"breaking vegas" questions

gorilla player

Well-Known Member
#1
Eliot: In one scene (very brief) I got the impression that you had taught some of the team to count or play, then they apparently did some things you had advised against, and then came back for advice later. Was that a true read? Any details you can reveal safely?

Also, did you have any direct role with the MIT team (if you can/want to answer of course)???

I'd like to find out where the "grumpy old lady" works. She came off a bit cocky. Be nice to pay that place a visit next time I'm out there. :)
 

gorilla player

Well-Known Member
#3
note...

For those that missed it, The NG website says it is airing again on Wednesday, but I believe I recall that it is in the afternoon, rather than at night...

This has aired previously, I believe...
 

The Mayor

Well-Known Member
#7
I did not see the show

They told me they would send me a copy after it aired. We don't get NGC locally, so I have no idea what the show had on it.

>In one scene (very brief) I got the impression that you had taught some of the team to count or play, then they apparently did some things you had advised against, and then came back for advice later. Was that a true read?

Not in real life -- I had nothing to do with the MIT team in any way.

But yes for the character I played on TV.

>Any details you can reveal safely?

They really did win a lot of money. They made a lot of it using methods other than card counting, including shuffle-tracking ace/sequencing team. One of the MIT team is now a screen writer for CSI-NY and lives in Santa Monica, he was a consultant for the show.

>Also, did you have any direct role with the MIT team (if you can/want to answer of course)

No. Nothing.

This was just a fun opportunity that happened to come my way. The production company that was hired was local and they went looking around Santa Barbara for anyone who knew anything, and I just happened to get in their way.

--Mayor
 
#11
Enjoyed your performance

Thought you did quite a good job. It is a cliche in show business that there are no small parts and your's was central to the story. It was a treat to see you acting [tell me, did your blackjack acting skills help you prepare for your roll? ;-)]
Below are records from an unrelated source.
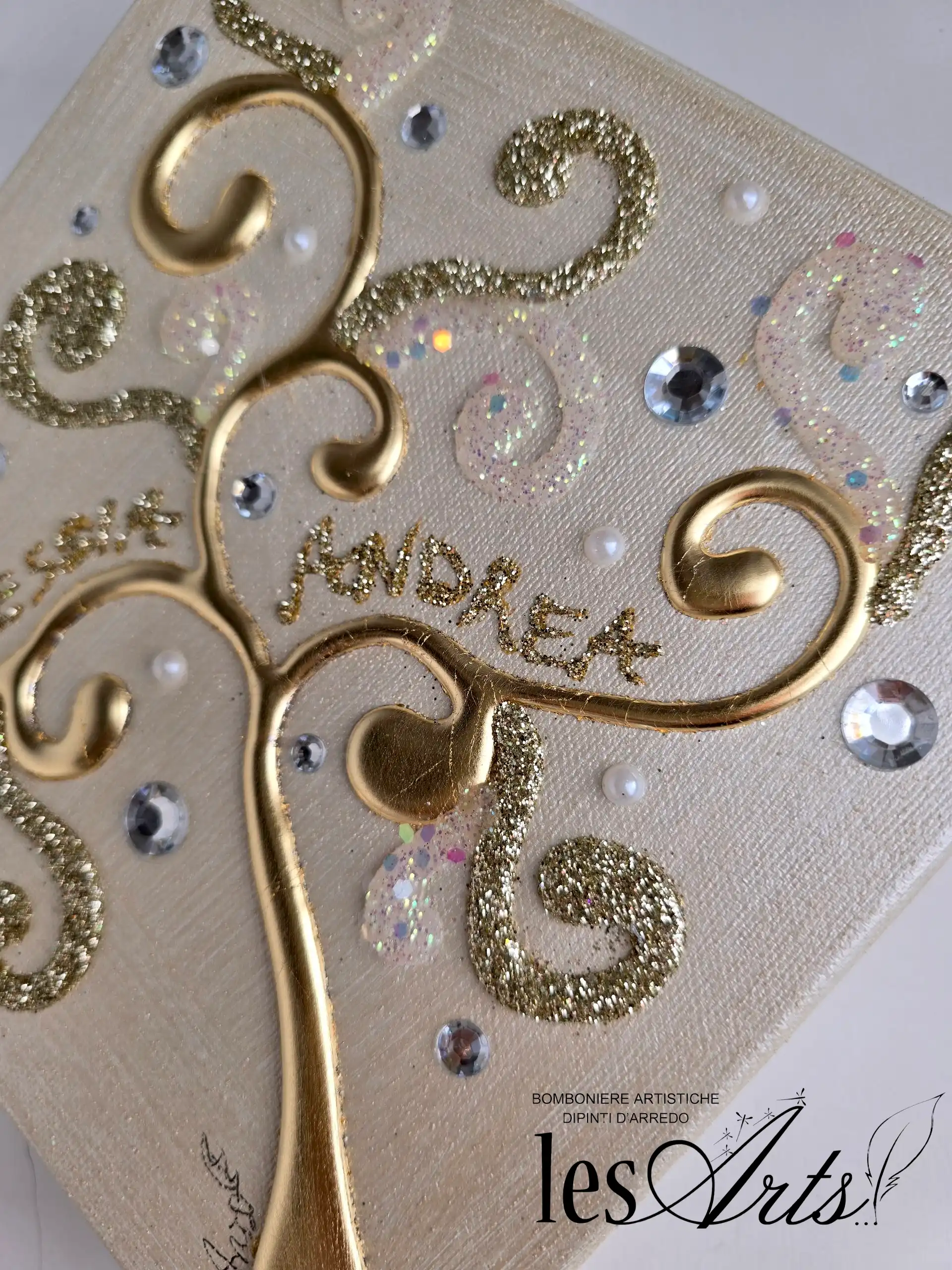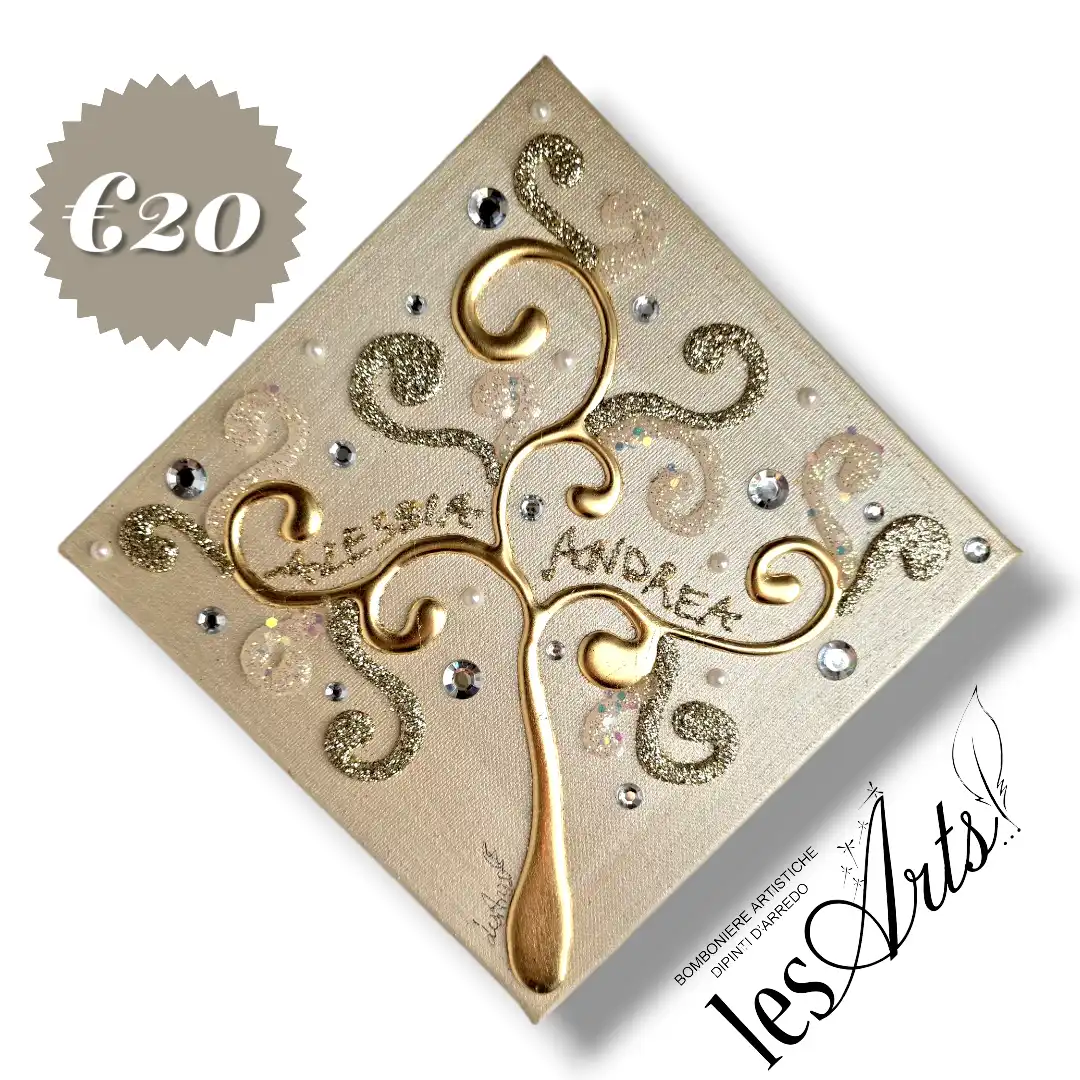 Albero della Vita Interamente realizzato dipinto e decorato a mano su tela gallery misura 20x20..appesa a rombo. Impreziosito da particolari in foglia oro, glitter, strass e perline.
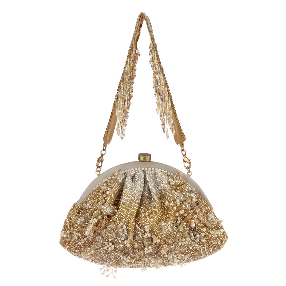 ESME Soft Pouch Peerless Gold Lustrous Silver With Handle
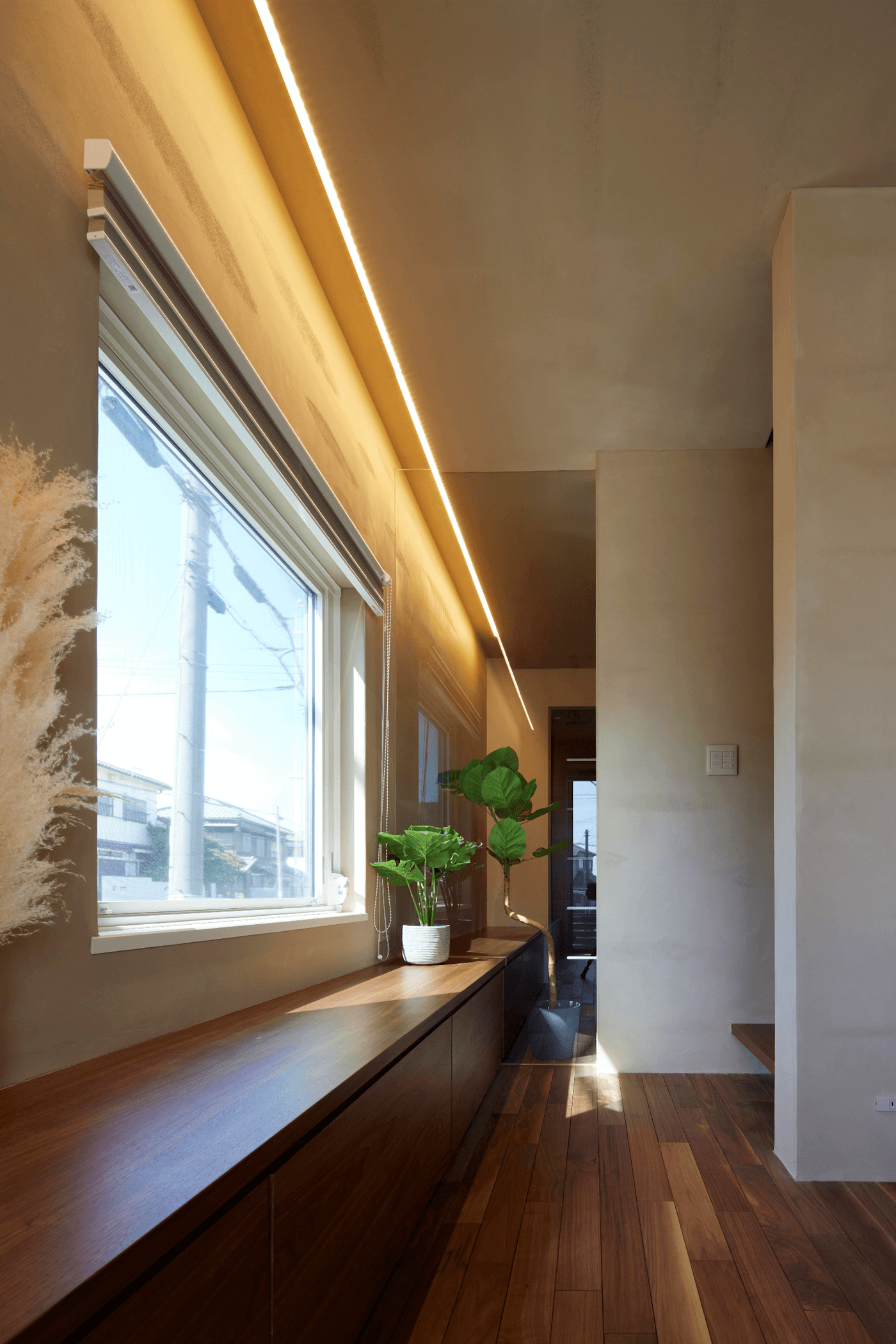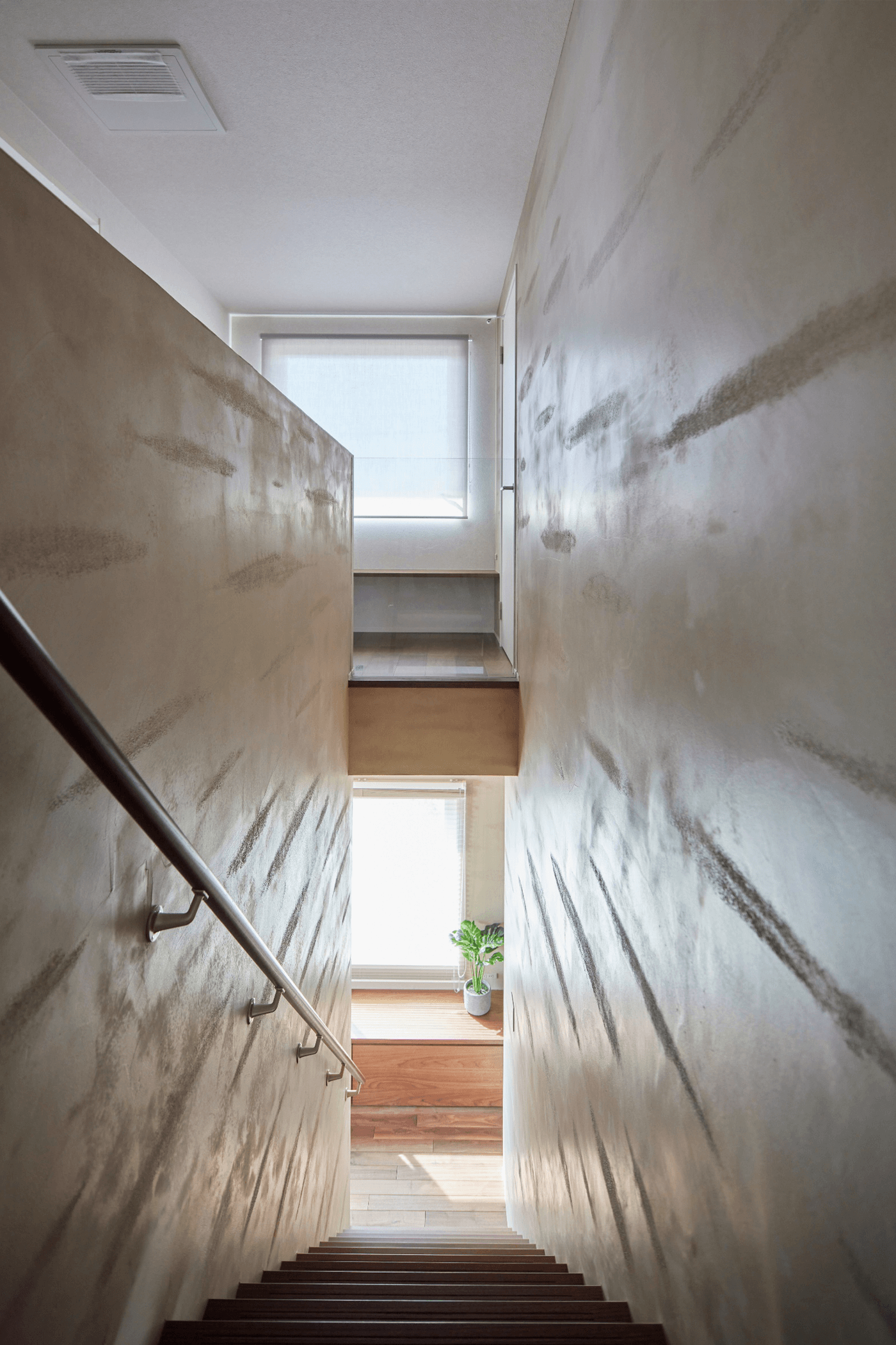 折角、塗り壁にするので、より効果的に、より印象的になるよう、ダウンライトを極力使わないように考えました。
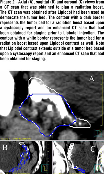 Reliable tumor bed demarcation on a treatment planning CT scan without Lipiodol is challenging. In many cases, a cystoscopy report and CT scan for staging do not allow a radiation oncologist to later accurately contour the tumor bed on a radiotherapy treatment planning CT scan. A preferred approach is for an urologist to visualize the tumor bed at the time of cystoscopy and to demarcate the tumor bed with Lipiodol immediately following maximal TURBT. In this report, Lipiodol helped to reduce inter-observer variability regarding the extent and location of the tumor bed on a treatment planning CT scan for a radiation boost (Table-3). In 40% of patients in this study, the CTVboost based upon Lipiodol extended outside of a PTVboost that would have been treated based upon cystoscopy reports and enhanced CT scans without Lipiodol. Similarly, Pos et al. (4) reported that quite often the extent, or sometimes even the location, of Lipiodol spots was different from what the radiation oncologists would have contoured based upon cystoscopy reports and CT scans without Lipiodol.
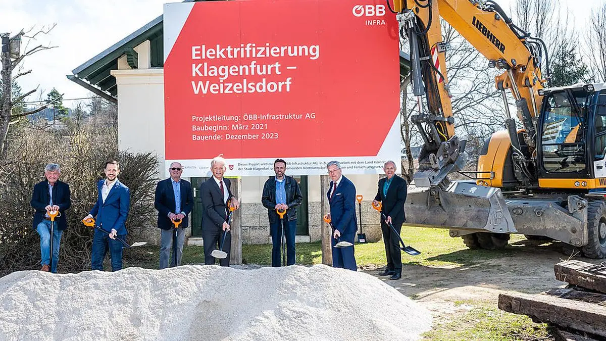 Die Rosentaler Bahnstrecke zwischen Klagenfurt und Weizelsdorf soll ab 2023 schneller und vor allem umweltfreundlicher sein. Der offizielle Bauauftakt für das Mega-Projekt, das insgesamt 50 Millionen Euro kostet, fand am 1. April statt. Mit dabei: Landeshauptmann Peter Kaiser, Mobilitätslandesrat Sebastian Schuschnig, Vize-Bürgermeister Jürgen Pfeiler, die Bürgermeister Josef Liendl, Franz Ragger, Vize-Bürgermeister Christian Gamsler und Vorstandsdirektor Franz Bauer von der ÖBB-Infrastruktur. Die Kosten übernehmen zum Großteil die ÖBB im Rahmen ihres großen Kärnten-Investitionspaketes, welches mit dem Land ausverhandelt wurde. Zwei Millionen Euro steuert das Land Kärnten bei und 400.000 Euro die Gemeinde Köttmannsdorf, die eine neue Haltestelle erhält. Außerdem verpflichten sich die Gemeinden die Park&Ride-Anlagen zukünftig instand zu halten.
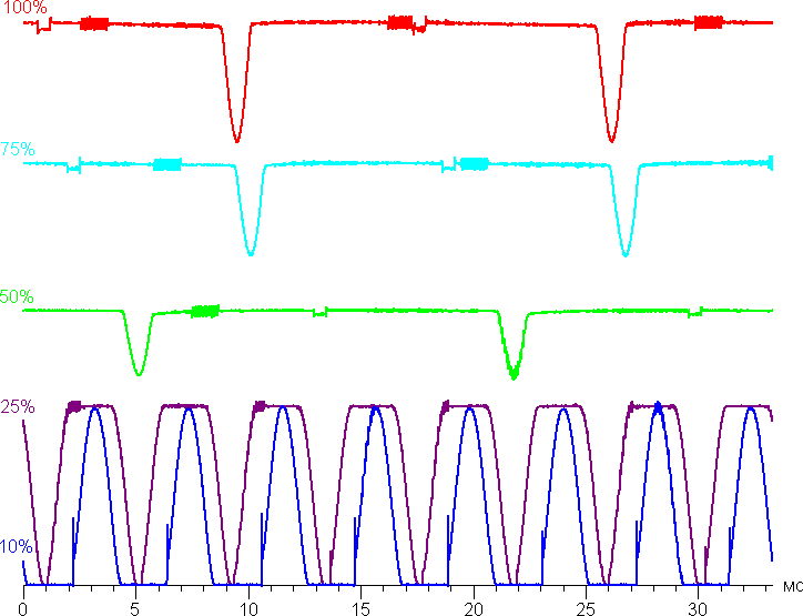 На любом уровне яркости присутствует значимая модуляция с частотой 60 или 240 Гц. На рисунке ниже приведены зависимости яркости (вертикальная ось) от времени (горизонтальная ось) для нескольких значений настройки яркости:
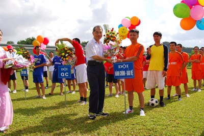 Ông Tony Liu tặng hoa các đội bóng tham dự Giải bóng đá Chinfon
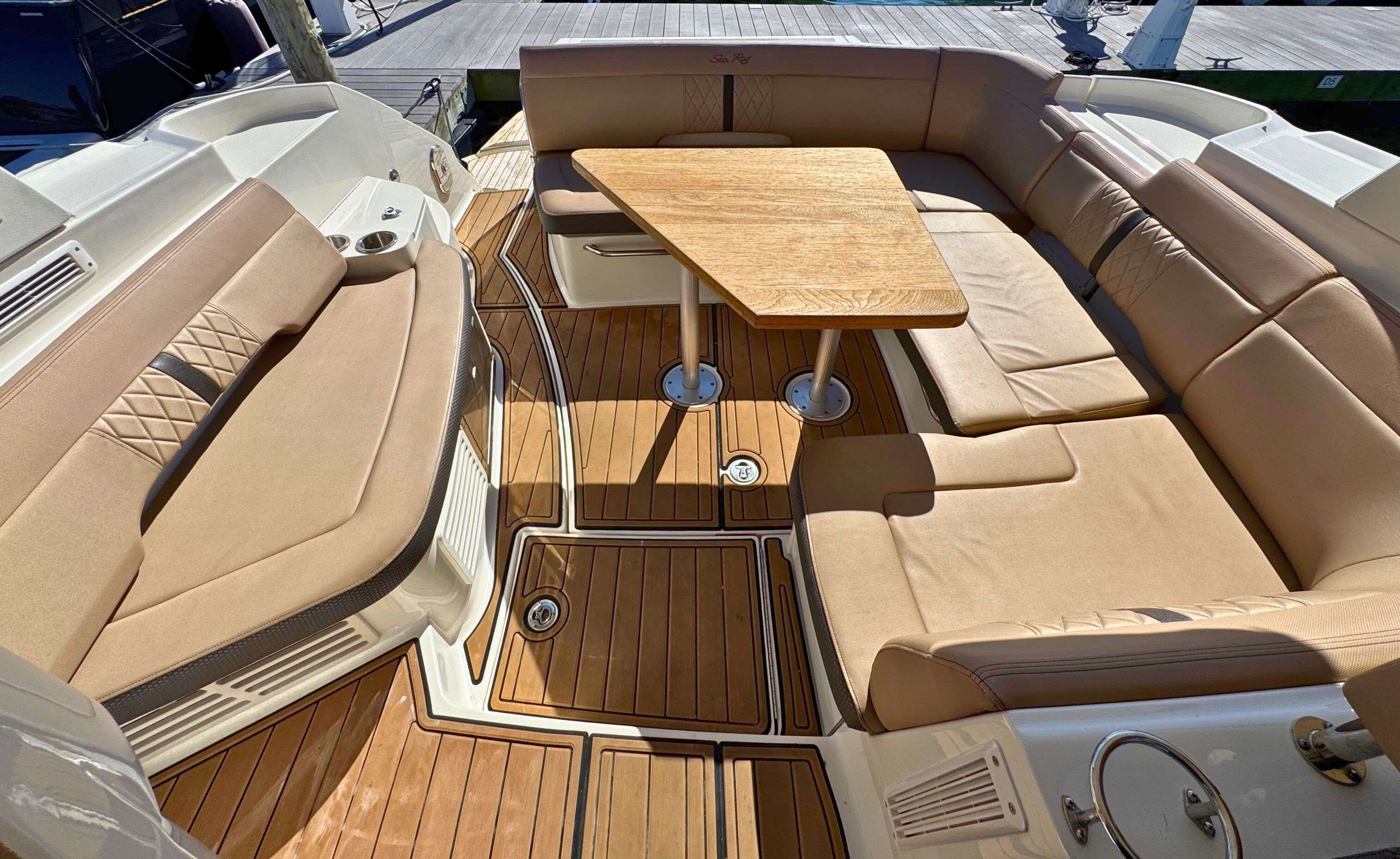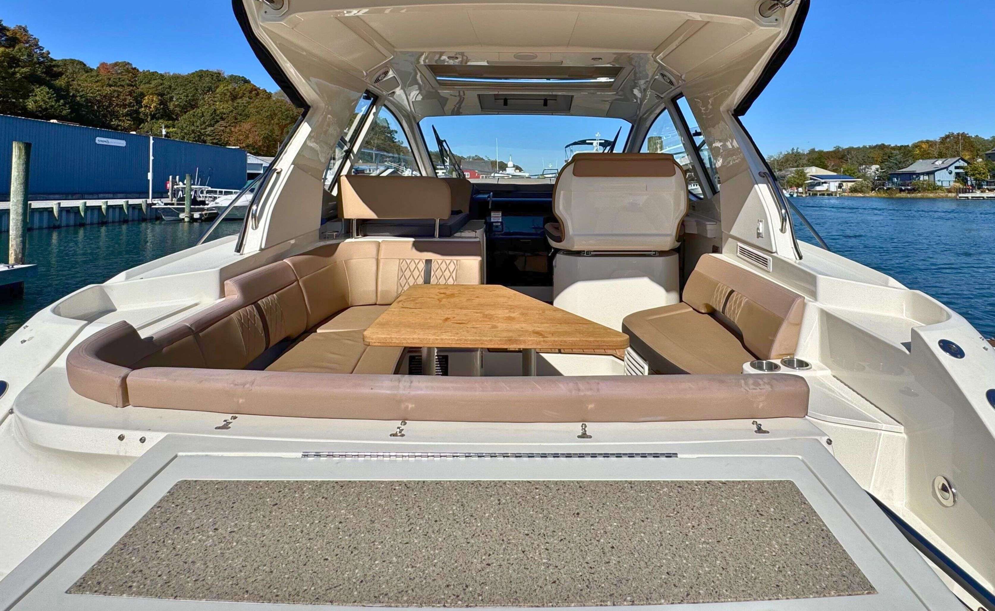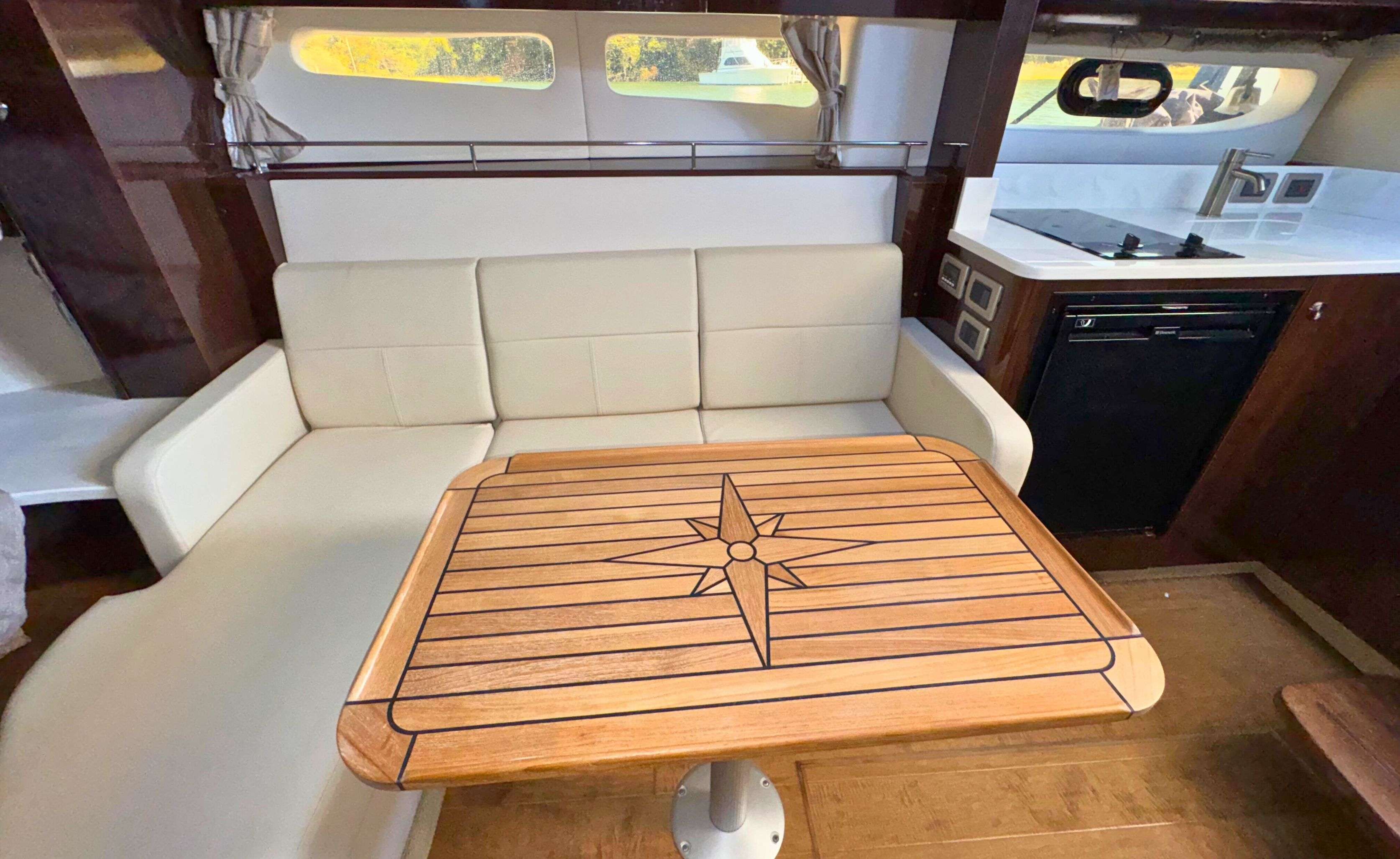 Designed for comfort and entertainment, the cockpit features a wrap-around bench seat, a Teak table, and an electrically actuated engine hatch. This boat also includes desirable upgrades such as:

It seems the story of the MIT Blackjack team is quite compelling...A book and three cable TV networks have told it. Each time, a little more of the truth gets let out and identities are revealed. I sure more networks or even a movie will try to tell the story again. [I hope the Comedy Network tries it...can you imagine the troupe from South Park as the MIT Team with Cartman as the Big Player..KICKASS!]
 

The Mayor

Well-Known Member
#12
In high school

In high school I was a drama major. I took several acting courses in college and continued taking improv after college. I am a total ham in front of the camera. Yes, these skills do help at the tables.

Glad you enjoyed it.

--Mayor
 
#13
One follow up question please?

Well, you did seem at ease on camera, and I guess each school day you are on stage before a live audience of students. So I would think one in your position would have long ago mastered stagefright.

I do have a technical question though. In this production, the players were shown practicing counting down a deck. Most would flip the cards from a face down deck to a face up pile, and quite rapidly too. Indeed, I don't know if I could get my hands to move that fast, let alone count at the same time.
Is that the speed a counter must has to be successful? Or was that just some Hollywood effects to impress the audience?

Also, there was a shot of one other player using a fan technique in his count drill, moving the cards from his left to his right while counting. I know that is an easier method of doing this drill, as when I do it I can offset pairs of cards and count by twos.

For the count-down drill, I have read the benchmark standard is to count one deck in 25 seconds or less and get the count to match two cards removed at random from the deck. Is this 25 seconds standard apply to the flipping method only? Or does it also apply to the fan method? Or is there a different standard for the easier method?

Well, I guess that was more of a line a questions, rather than a single one as mentioned above. Please excuse my over asking.

Thanks again.
 

The Mayor

Well-Known Member
#14
replies

>I do have a technical question though. In this production, the players were shown practicing counting down a deck. Most would flip the cards from a face down deck to a face up pile, and quite rapidly too. Indeed, I don't know if I could get my hands to move that fast, let alone count at the same time.
Is that the speed a counter must has to be successful? Or was that just some Hollywood effects to impress the audience?

Hollywood trick. We told them the count in advance and which card(s) we removed, and they just pretended to be counting.

>For the count-down drill, I have read the benchmark standard is to count one deck in 25 seconds or less and get the count to match two cards removed at random from the deck. Is this 25 seconds standard apply to the flipping method only? Or does it also apply to the fan method? Or is there a different standard for the easier method?

I think 25 seconds is the slow end of any method. You should be able to count faster than you can flip, view, fan. Practice!